= J. T. Whitney =

John Timothy Whitney (14 December 1945 – 15 December 1990), known also as Tim Whitney, was an expert on British postmarks who wrote a popular catalogue on the subject that has been through many editions, and the definitive guide to the stamps and postal history of the Isle of Man. He was also an expert on the philately of the French coastal islands.

The eldest of three brothers, Tim obtained a degree in theology from Oxford University and in 1975 a Ph.D. from Nottingham University.

He ran the religious studies department at South East Essex Sixth Form College for many years, where his wife Diana also worked. They had three children. He was known there as 'the Doc' and was also ordained a Baptist Minister, as his father, Joseph Charles Whitney, had been. His mother was Doris Whitney, who wrote several devotional books for Baptist churches.

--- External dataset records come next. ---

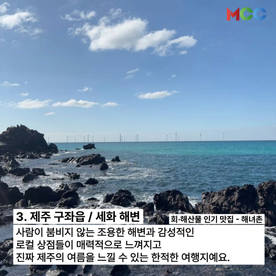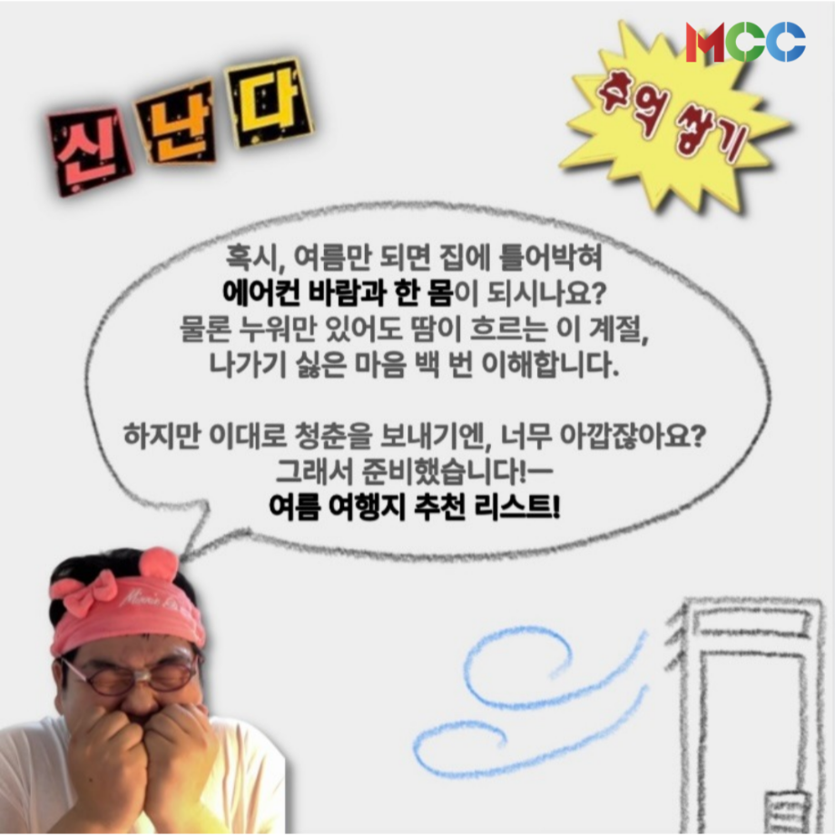 본문 시작 홈으로 MCC News 학과소개 교수소개 학과과정 MCC News MCC SNS 홈페이지가이드 미디어 정보통 학과 및 재학생 교수 및 졸업생 미디어 정보통 미디어 정보통 페이스북 트위터 프린트 여름방학 갈만한 여행지 추천.zip 미디어콘텐츠창작학과 902 2025-07-07 “놀러가고 싶다 격하게..!”😩 🌞여름방학 갈만한 여행지 추천.zip🌞 1.강릉 인목해변 2.통영 욕지도/동피랑마을 3.제주 구좌읍/세화 해변 4.서울 노들섬&한강공원 5.속초 외옹치해변 자세한 내용은 미콘창 인스타그램에서 확인해주세요 @smu_mcc 목록 다음 2025 친환경 에너지 콘텐츠 공모전 다음 미디어콘텐츠창작학과 궁금해?! 담당부서 : 미디어콘텐츠창작학과 담당자 : - 연락처 : 043-649-1741 최종수정일 : 2024-10-26 만족도조사 만족도 조사 이 페이지에서 제공하는 정보에 대하여 만족하시나요? 매우만족 만족 보통 불만족 매우불만족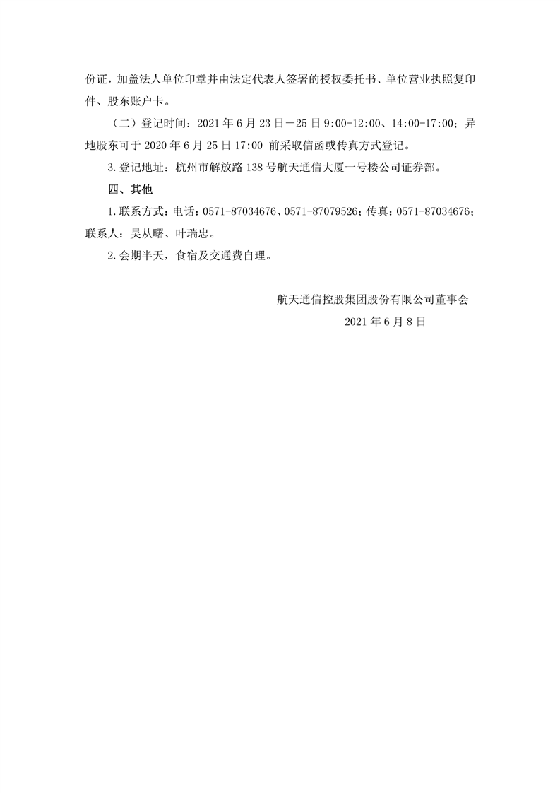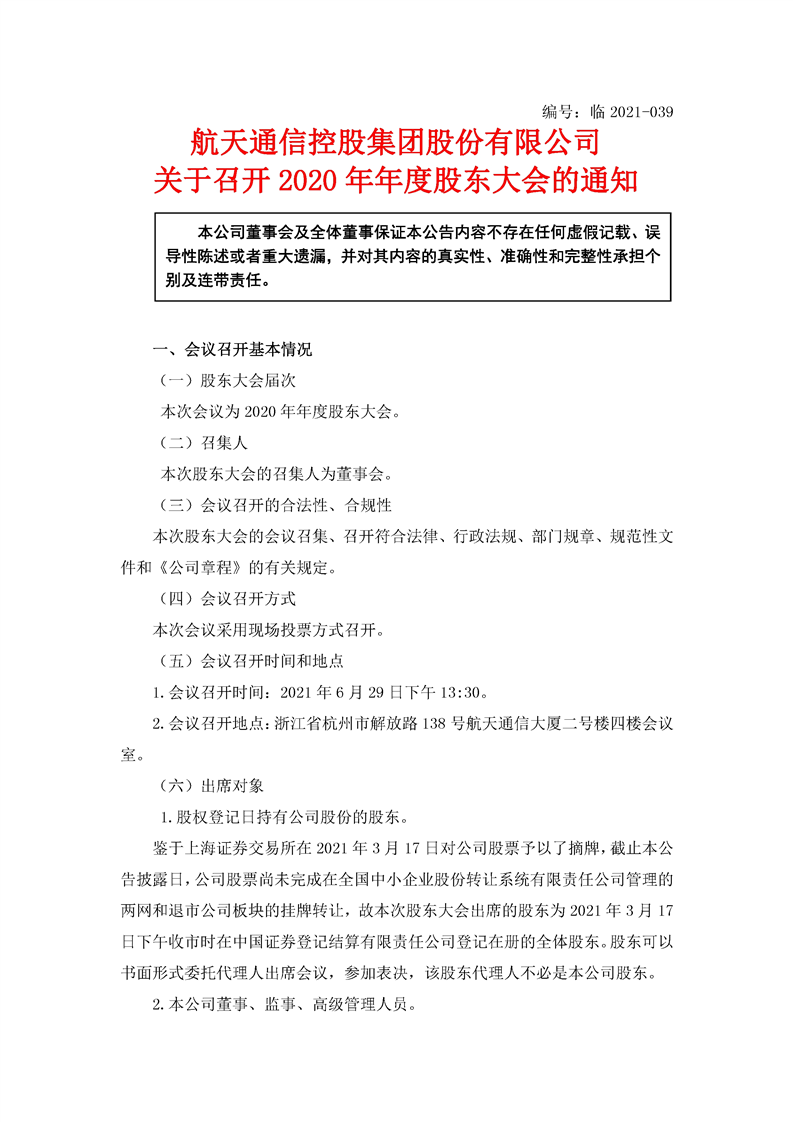 航天通信控股集團(tuán)股份有限公司關(guān)于召開2020年年度股東大會(huì)的通知
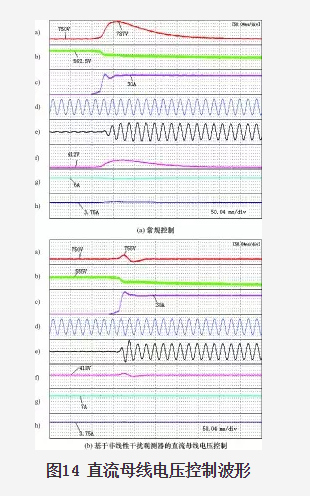 直流微電網(wǎng)為直流負(fù)荷供電,模擬光伏出力保持在2.5kW左右,暫態(tài)情況為模擬電池儲能系統(tǒng)通過DC-DC電路從待機(jī)模式切換為35A放電控制,由雙向DC-AC變流器控制直流母線電壓,分別采用常規(guī)控制和基于非線性干擾觀測器的直流母線電壓控制,實(shí)驗(yàn)波形見圖14(a)、圖14(b)。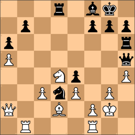 Der von den weißen Figuren verwaiste weiße Königsflügel erlaubte ein sehenswertes Finale furioso: es geschah 29… Td8xd4! 30. e3xd4 Dh5-f3+ 31. Kg2-g1 Th6xh4! 32. g3xh4, wonach 32… Lf8-d6! sofort gewonnen hätte. Jedoch änderte das Einsammeln des h-Bauern mit 32… Df3-g4+ 33. Kg1-h1 Dg4xh4+ 34. Kh1-g1 Dh4-g4+ 35. Kg1-h1 Dg4-f3+ 36. Kh1-g1 nach 36… Lf8-d6! nichts Wesentliches. Nach dem letzten Schwindelversuch 37. Ld2-f4 hoffte Weiß wohl noch auf 37… Ld6xf4? 38. Tf1-e1!, da die nun geräumte 2. Reihe die Deckung des f-Bauern mit der Dame erlaubt. Nach 37… Sd3xf4! musste Weiß aber wegen des unvermeidbaren Matts auf g2 die Waffen strecken.

He had had muscular dystrophy since his teens and was an active fundraiser for MD causes. He died in Southend-On-Sea, Essex, the day after his 45th birthday.

==Selected publications==
- Collect British Postmarks. 4th edition. Benfleet, Essex: J.T. Whitney, 1987. ISBN 0-9511867-0-1
- Isle of Man Handbook of Stamps and Postal History. Chippenham, Wiltshire: Picton Publishing & B.P.H. Publications Ltd., 1981 ISBN 0-902633-67-8, 309p.